CUBA Salim Hamdan initially did not volunteer details about bin Laden's inner circle or the operations of al-Qaida, agents said as they testified in the fourth day of the Guantanamo prisoner's war crimes trial.

"I thought he might have been holding back," said FBI special agent Craig Donnachie, who questioned Hamdan in Afghanistan in January 2002. "For somebody who was so close to bin Laden, there was more there I didn't get with my three days with him."

The defendant is charged with aiding terrorism and conspiracy in the first U.S. war crimes trial since World War II. He faces up to life in prison if convicted. Prosecutors have sought to portray him as an active member of al-Qaida while the defense claims that Hamdan was a low-level employee.

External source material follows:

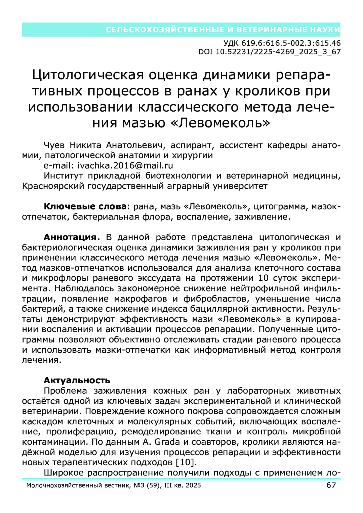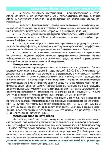 Проблема заживления кожных ран у лабораторных животных остаётся одной из ключевых задач экспериментальной и клинической ветеринарии. Повреждение кожного покрова сопровождается сложным каскадом клеточных и молекулярных событий, включающих воспаление, пролиферацию, ремоделирование ткани и контроль микробной контаминации. По данным A. Grada и соавторов, кролики являются надёжной моделью для изучения процессов репарации и эффективности новых терапевтических подходов [10].

The FBI agents testifying for the prosecution said the Yemeni prisoner, who has been held at Guantanamo since May 2002, eventually provided with details about bin Laden's travel routes and associates. But prosecutors said his assistance was so late that it was of little value.

Hamdan was captured at a roadblock in Afghanistan in November 2001. Two months later, he acknowledged his links to the al-Qaida chief and led U.S. agents on a tour of bin Laden's abandoned compounds and guesthouses in the southern city of Kandahar, officials said.

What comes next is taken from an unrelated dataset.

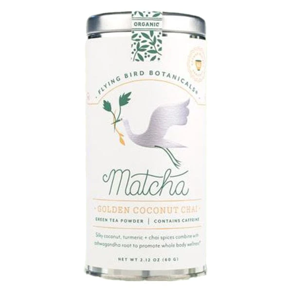 Get ready for a tasty, organic treat with the Golden Coconut Chai Matcha Tea from Flying Bird Botanicals. Combining premium ground Tencha tea leaves from Japan, coconut, turmeric, and chai spices, this blend is enhanced with Ashwagandha root for a calming effect. Each batch is carefully crafted with locally sourced herbs and responsibly sourced ingredients. Packed in recycled steel tins, this matcha powder offers up to 60 servings of deliciousness. So grab your mug and enjoy a cup of tea that will leave you feeling satisfied and guilt-free!

Stewart Kelley, an FBI agent who interrogated Hamdan at Guantanamo, said Hamdan cut a session short in February 2003 without answering all his questions. He felt that may have deprived authorities of new leads.

"It could have given us more avenues to investigate," Kelley told jurors. "We really could have branched out."

Another FBI agent, Omar Barghouty, said Hamdan has agreed to testify against another Guantanamo prisoner, Abd al-Rahim al-Nashiri, at his upcoming trial. He will say that he overheard al-Nashiri, who is accused of helping organize the 2000 attack on the USS Cole, admit to the crime, he said.

Donnachie said that in his interrogations Hamdan confessed to attending an al-Qaida training camp, where he learned to use an AK-47 and other weapons in the late 1990s, but decided he did not want to become a fighter.

"He just wanted to go back to the guesthouse and be with his family," he said.

The trial, which began Monday, is expected to take three to four weeks. The U.S. says it plans to prosecute about 80 Guantanamo prisoners for war crimes.